Ghetto.Poet
I just write
An immortal phrase
We die,though our
mortal flesh walk.
Ail burries merry and
a heart remains hefty.
From dread our mouths
Murmur but souls could
Utter. Bullets paint the
ground & made home for
RIP on our tongue tips. For,
our souls were left empty.
Our peace abduction has our
Hearts like gravy,chopped &
Motley. A tear shed educing
a stern grief, cries became
ta**ry cutting short my breathe.
As if grudges were palatine i
Kept on grasping. From the crowns
of arsenal a few were left in vain
& a few made it out the strains &
not all us is platonic.
Greet greed & bleed
I didn't tell a body And
soul i was on A rough
patch. It Scratched my
Flesh and left it open. My
Past was vivid like it is now.
My heart racing like a prey
On the run and my knees frail
to carry my idle body. Inside
Retention i kept sinking and i
Was an alibi citadel of retentivity
to float,on. As fright whispered
From my shoulders my bones
rattled from a fierce viscosity of
blood which illumed a body, halting
a mere crawl of it. I only had mute
blatant cries that neither one nor two
Could hear. I adored us but the walls
Have fallen that neither the romans
Could amend, the deep dongers that
Infinite rocks could fill, deep at heart
Had began growth. Bygones reside
beside me bi-going everywhere my foot
Sets, they lead me to a steep memory
Lane.
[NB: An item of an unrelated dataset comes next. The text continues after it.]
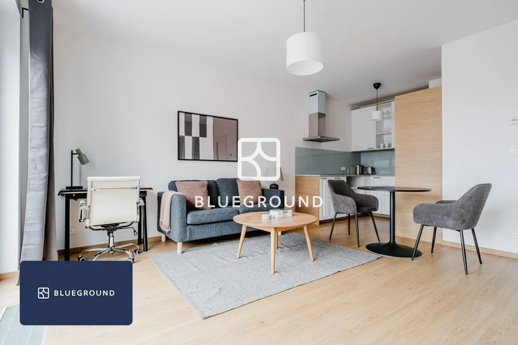 Blueground offers a modern one-bedroom apartment for rent in a newly built complex in Chodov. This apartment features a balcony with a city view, providing a relaxing atmosphere for unwinding. Simply move in and start enjoying life in this airy space, fully furnished with modern furniture. The apartment includes a fully equipped kitchen, a spacious living room, and access to our on-site professional support. With a total area of 44 m², this apartment is ideal for individuals or couples seeking comfortable and modern living. A designated parking space in the underground garage of the building is included for free.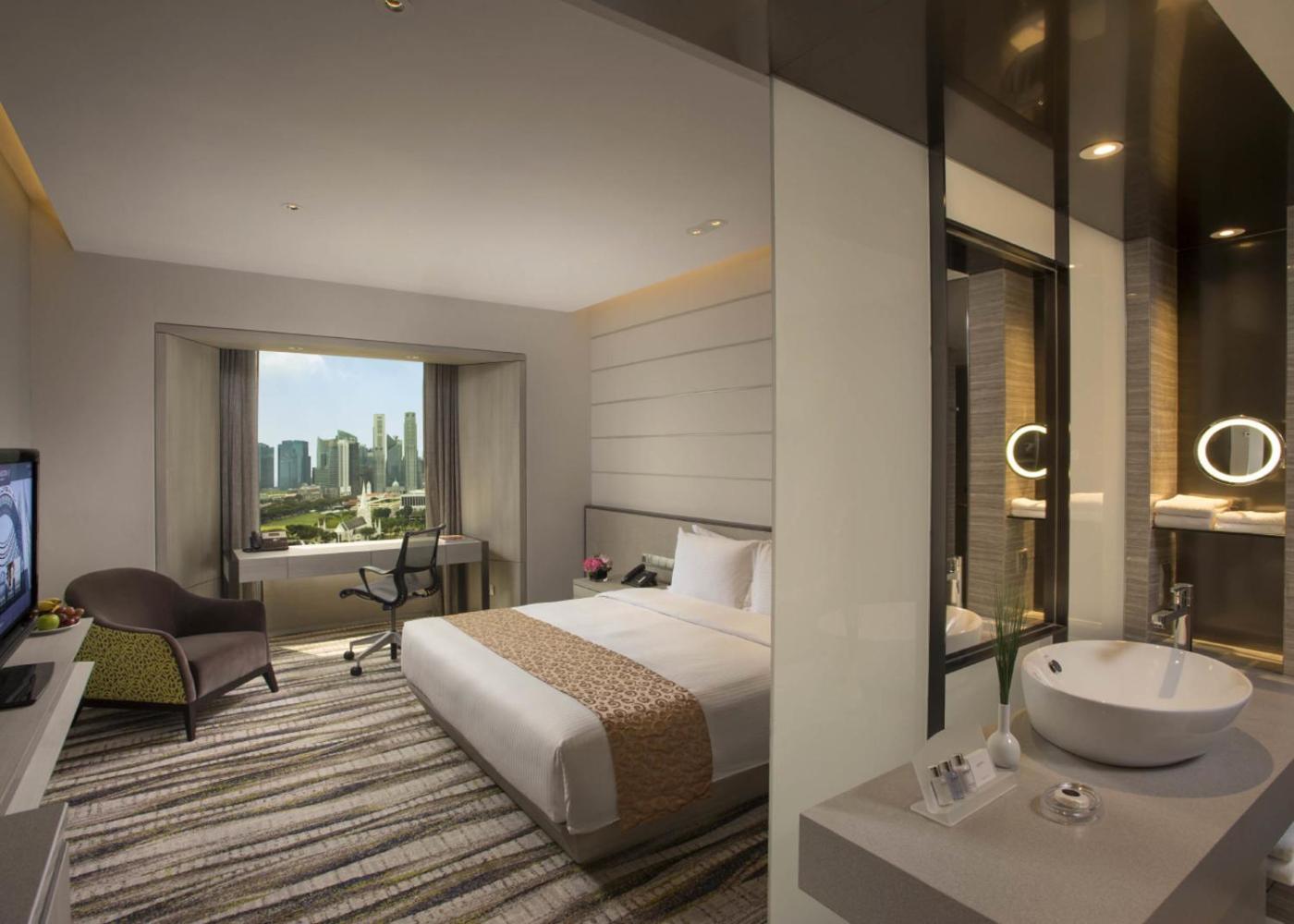 Executive Double or Twin Room. This air-conditioned executive room opens up to views of the city, swimming pool or the bay. The seating area is fitted with a flat-screen Internet Protocol TV (IPTV), a minibar and a safe. The room offers a work space with a Herman Miller chair. The open-plan en suite bathroom includes a bathtub, separate shower facilities and free toiletries. Beds are equipped with a Sealy Posturepedic mattress and down feather and microgel pillows. ;

The cross roads i had crossed, in
Long time before today but the ship of
ail, i couldn't jump off, perhaps if i i do
What's temporary will perish and the
eternal Remains.
Her,moon and i.
The night is like
a lake, calm and thrills.
Driving my mind to when
had her favourite poem
From me and i, loving
The little well of bliss on
Her cheek as she grinned.
The moon was out and
bright that even my shadow
Seemed lonely. I talked my
Pain to the moon and said
What really broke me. Her
Absence in the cold to hold
Me, my fragile self indegent
Of her beautiful aura in times
Of the starry night. Oodle times
I sold my pain to rain in times
My emotions incommoded.
But he who sold quilt for a
Claimant through the waters
Kept on reminding me of the
Sublime flower that survived
The heavy floods of infliction.
A tornado of botheration that
Held apart her loverly self and
Deformed it to a mangled self
That loved hating a heart that
Broke hers. As the night got
Colder, i lit the last cigarette
While my face dipped in a stream
Of tears.
Meditation helps you find you.
Remorse Ballad
SaGe
An apology ballad,Written
with a sweaty Palm and a
hand in trembles, thoughts
Vivid but the vision blurred.
I see you but us was yesterday
And no more. Stars that use
to Light up my mood on every
thought of you are dull, my ink
oozes but the
Words are dead. I was a florist,
lost and careless, driven by the
insecurities to a silent hollow house
filled with fear, Darkness. The voices
of every wrong
Of i presumably whispered in my mind,
When my heart commenced it's solo
race all i heard was a gush of blood in
my body weakening my knees. From
my eyes tears
Oozed out intrigued by the thought that
us Is buried & would barely breath if
digged out.When us died, our pictures
were erased from Phase of love and my
heart seemed forgetful Of us but as now
in my mind, you still linger.
Pretty ugly
SaGe
The beautiful sun rays
Of the morning kissed
The mountains and peeked
Through my window onto my
Forehead, a blissful beginning.
Waking up from a dream that
Aroused my emotions and
Dunked me deep into lake love. No,
fear never made it's way past my mind
Until i saw it in my eyes from a fresh bath.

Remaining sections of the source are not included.